=== DATA PROVIDED ===
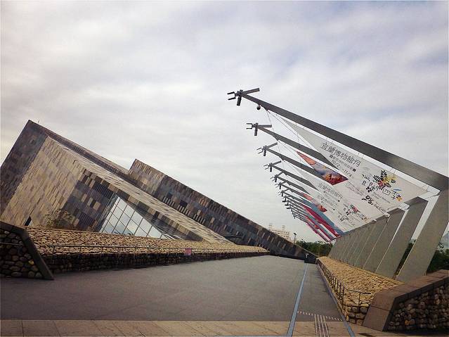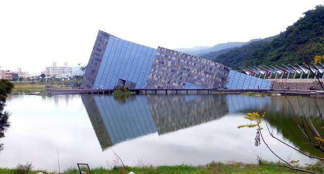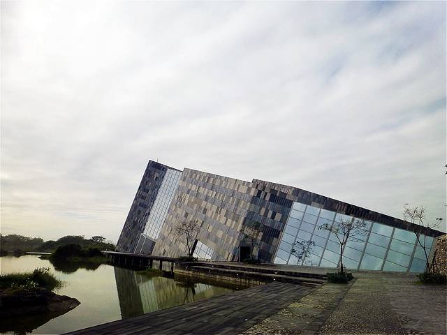 兰阳博物馆是一个介绍宜兰的自然史博物馆。旁边就是历史中兴盛、现已为湿地的乌石港,很喜欢它层层叠叠的设计,仿佛宜兰当地史诗般的壮阔地景,背山面海,前迎龟山岛,在山、平原、海、与岛等自然地景之间建立出自然与人文交错的特殊空间意涵。
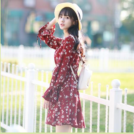 今年碎花元素大行其道,不管是连衣裙还是上衣,处处都可以看到碎花元素的融入,可见这股复古风潮是越吹越猛啊~白色的小碎花点缀在酒红色的裙身上,不仅增添了复古感,上身也更加衬托肤色。
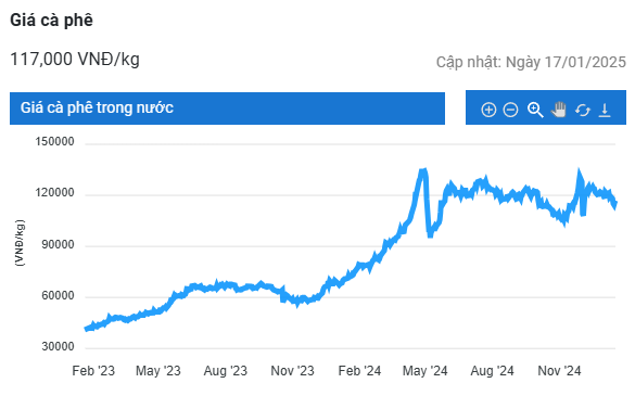 Theo ghi nhận, giá cà phê tại khu vực Tây Nguyên hôm 19/1 tiếp tục tăng 500 – 1.000 đồng/kg so với ngày hôm trước, lên mức 119.300 – 120.000 đồng/kg. Đây cũng là ngày tăng giá thứ tư liên tiếp trên thị trường nội địa.
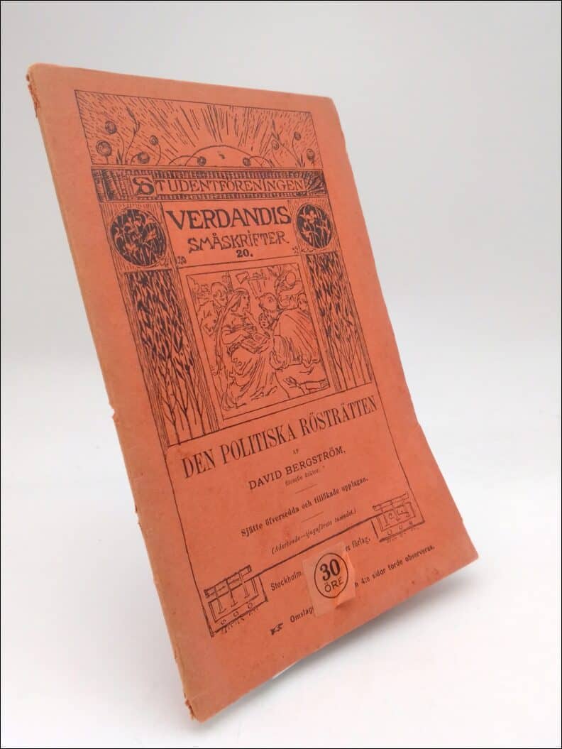 Boken är i något sämre antikvariskt skick, med en äldre prislapp och viss lagernötning. Omslaget är något kantstött och har mindre riss, vilket är värt att notera för samlare. Med sina 50 sidor är Den politiska rösträtten en kompakt och informativ läsning för den som är intresserad av politiska ideologier och demokratins utveckling.
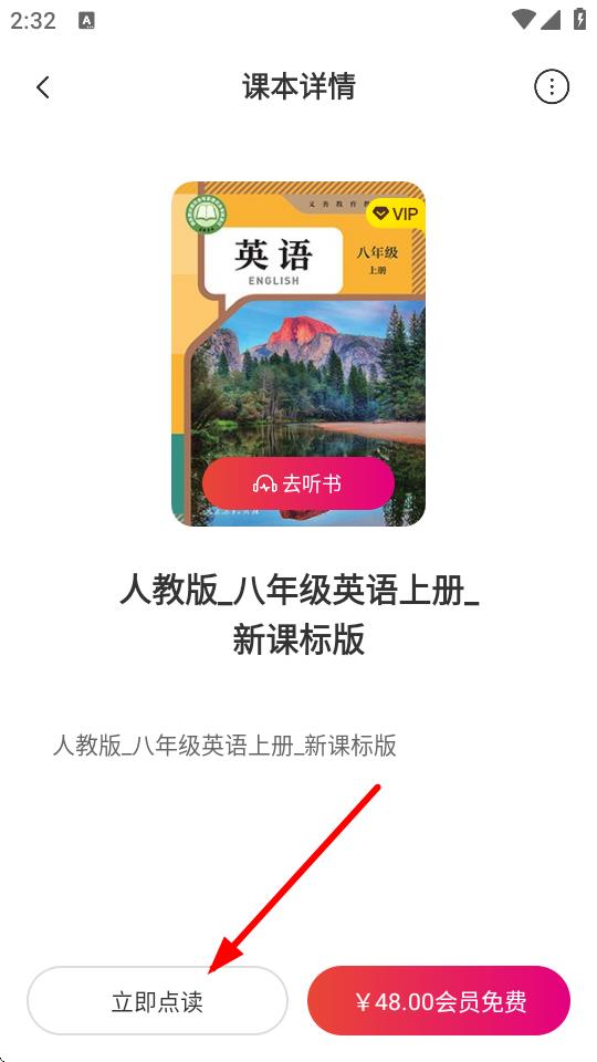 3、在課本詳情頁(yè)面,點(diǎn)擊下方立即點(diǎn)讀按鈕進(jìn)入點(diǎn)讀界面。
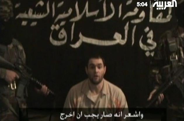 The newly released video, entitled Intihar – Arabic for suicide – shows a man wearing a football shirt, identified as Jason in a statement, which appears on screen in Arabic and is signed, "The Shia Islamic Resistance in Iraq". It accuses the British Government of neglecting the hostages by failing to respond to messages from the kidnappers and their captives and ignoring warnings about the men's psychological trauma. "This procrastination and foot-dragging and lack of seriousness on the part of the British Government has prolonged their psychological deterioration, pushing one of them, Jason, to commit suicide on 25/5/2008," the statement says. "He surprised our brethren, who were taking care of him, with his suicide."
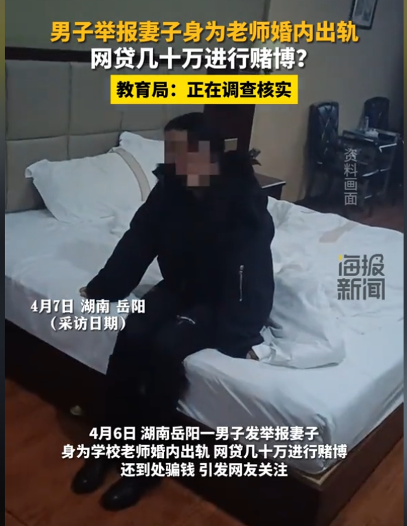 4月6日,湖南一名网友就在网上发帖,举报自己当老师的妻子。
===
REQUIRED ACTION:
Take the line containing "Boken är i något" through the last line of the material and retype exactly those lines, both ends included, with no pictures.

WRITTEN REPLY:
 Boken är i något sämre antikvariskt skick, med en äldre prislapp och viss lagernötning. Omslaget är något kantstött och har mindre riss, vilket är värt att notera för samlare. Med sina 50 sidor är Den politiska rösträtten en kompakt och informativ läsning för den som är intresserad av politiska ideologier och demokratins utveckling.
 3、在課本詳情頁(yè)面,點(diǎn)擊下方立即點(diǎn)讀按鈕進(jìn)入點(diǎn)讀界面。
 The newly released video, entitled Intihar – Arabic for suicide – shows a man wearing a football shirt, identified as Jason in a statement, which appears on screen in Arabic and is signed, "The Shia Islamic Resistance in Iraq". It accuses the British Government of neglecting the hostages by failing to respond to messages from the kidnappers and their captives and ignoring warnings about the men's psychological trauma. "This procrastination and foot-dragging and lack of seriousness on the part of the British Government has prolonged their psychological deterioration, pushing one of them, Jason, to commit suicide on 25/5/2008," the statement says. "He surprised our brethren, who were taking care of him, with his suicide."
 4月6日,湖南一名网友就在网上发帖,举报自己当老师的妻子。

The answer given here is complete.